Getz is just one of many students expected to lean on the healthcare industry for employment this year as the part-time job market sinks even further south. Lucky for them, a deluge of aging baby boomers drives one of the healthiest industries today. Seven of the 20 fastest-growing occupations are related to healthcare, according to government data. By 2016, the whole industry is poised to add 3 million new jobs to the 13.6 million that already exist, more than any other field. Many new positions will be office and administrative support jobs that require no medical degree and offer new options for students paying their way through school.

When it comes to working one's way through college, the work-study award presented as part of the student's financial aid package should be the first option for most undergraduates. The salary for work-study—typically around the hourly minimum wage for the state in which the college is located—might be lower than for some other jobs. But the income from a work-study job won't affect the expected family contribution in subsequent financial award packages, as money from other jobs can.

When the work-study income isn't enough, students have to turn to a difficult job market. There, healthcare jobs could be their best option. Shawn Boyer, CEO of the hourly-wage job listings website SnagAJob.com, says he's seen an influx of healthcare facilities posting open positions for front-desk attendants, call-center operators, parking valets, hospital retail and cafeteria employees, and data-entry jobs. Wages for these positions often float north of the average retail paycheck, he says.
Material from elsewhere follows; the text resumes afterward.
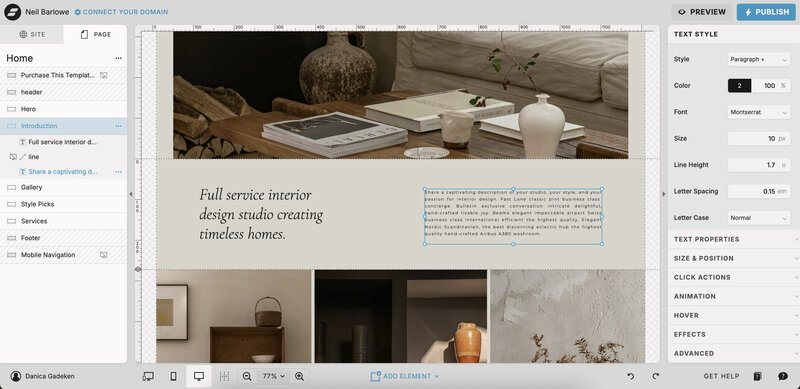 To change the font, size, color, letter spacing, line height, or alignment, select the text box and then click on the "Text Style" tab in the right side panel. There you will see options to change all of the above. To split the text styles between desktop and mobile view, hover over one of the settings and click on the three dots (⋮), then select "Split Mobile & Desktop." To learn how to upload your own custom font, read this article. For more information on text properties, view Showit's help page here.

This is good, because retail jobs seem to be vanishing into thin air. According to a recent nationwide survey commissioned by SnagAJob.com, almost half of hourly-wage employers chose not to hire for seasonal summer positions this year. Toss that in with a bleak back-to-school forecast of more budget tightening and increasing unemployment, and students are left competing against better-qualified applicants for fewer spots and scrambling to support their education.

"Employers can be so much more choosy with the people they are hiring," Boyer says. "It's not the surplus market it was just 18 months ago, when it was in the job-seeker's favor."

Special interests. Senior care is no exception to the healthcare jobs anomaly. By 2016, home health aide positions like Getz's are projected to grow by nearly 50 percent. "There will always be seniors, and they will always need caring for," says Erin Albers, spokesperson for Home Instead's home office in Nebraska.

In more than 800 offices in 15 countries, college students make up roughly 20 percent of Home Instead caregivers, according to the company. Albers says recruiting has been up significantly over the past year, goaded mostly by the growing senior population and a demand for a diverse pool of caregivers with varying interests.

"If we have a client who used to ride horses, we may try and find a caregiver who has that special interest because most times that's more important than the actual service they provide," she says. Albers adds that most students find the job rewarding beyond just the paycheck and flexible hours. "I think anytime you can put on your résumé that you have affected the life of someone else, it's a good thing."